Vejo que o genoma contém grandes regiões de sequências repetidas chamadas de elementos intercalados ou dispersos. Os elementos de dispersão longa (LINHAS), como LINE-1, podem atingir até 6-8 kb de comprimento.

Eu me pergunto, dada a quantidade de repetição que ocorre nessas regiões, um sistema onde um ponteiro (como na programação de computador) existia não seria mais eficiente? Por exemplo, em vez de incluir uma LINHA, inclua uma sequência única de 5 pares de bases atuando como um ponteiro para essa LINHA. Um cromossomo separado (contendo uma cópia de cada LINHA) seria lido na posição correta assim que o ponteiro fosse lido.

Você acha que com tempo suficiente de evolução, tal sistema seria mais sustentável? Mais ou menos como usar uma linguagem funcional adequada em vez de Assembler na programação de computador, onde f (x) pode ser definido uma vez e acessado por meio de ponteiros, em vez de ser repetido muitas vezes?

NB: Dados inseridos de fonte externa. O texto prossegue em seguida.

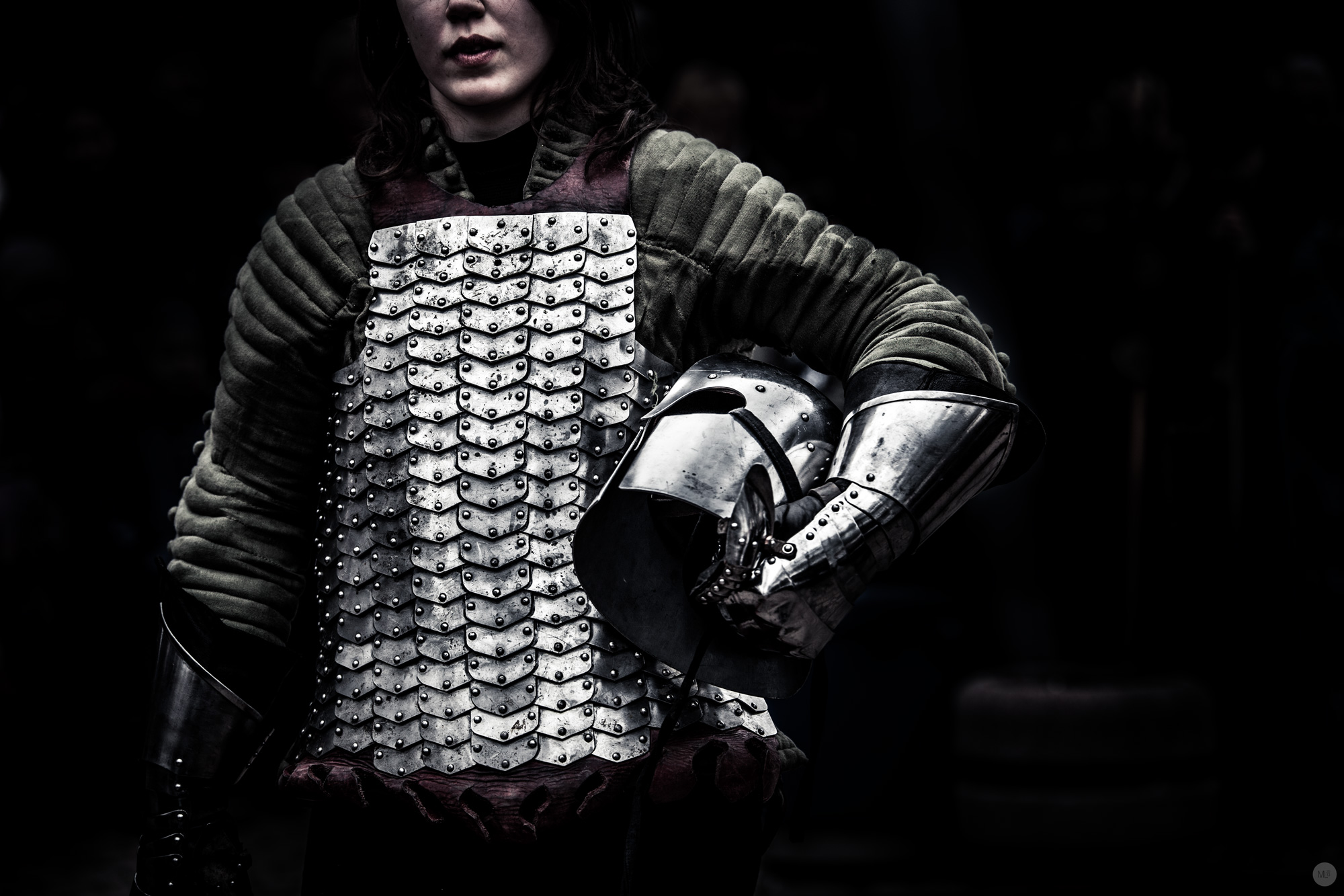 Eine gute Rüstung war ein Schatz, der den grauen Himmel in sich spiegelte und die Gewalt fern hielt. Niemand, der nicht von adligem Stand war, konnte eine komplette Rüstung auf ehrlichem Wege erlangen. Für gewöhnlich trug man Stoff und Leder darunter, um sich vor Verletzungen zu schützen. Die meisten Teile bestanden aus Holz, das mit Leder überzogen war.

Resposta curta: Já existem ponteiros dentro do genoma, em termos de elementos de transcrição (como sistemas repressor / ativador). Esses sistemas podem ativar remotamente um gene específico para transcrição com base nas concentrações de produtos químicos específicos dentro da célula.

O problema com os LINEs é que eles são considerados retrovírus antigos que perderam sua capacidade de infectar outras células, em vez disso, pulando dentro do genoma. Eles são, portanto, de natureza parasitária e se reproduzem inserindo várias cópias de si mesmos no genoma. Faz mais sentido pensar nos LINEs como retrovírus quase inativados.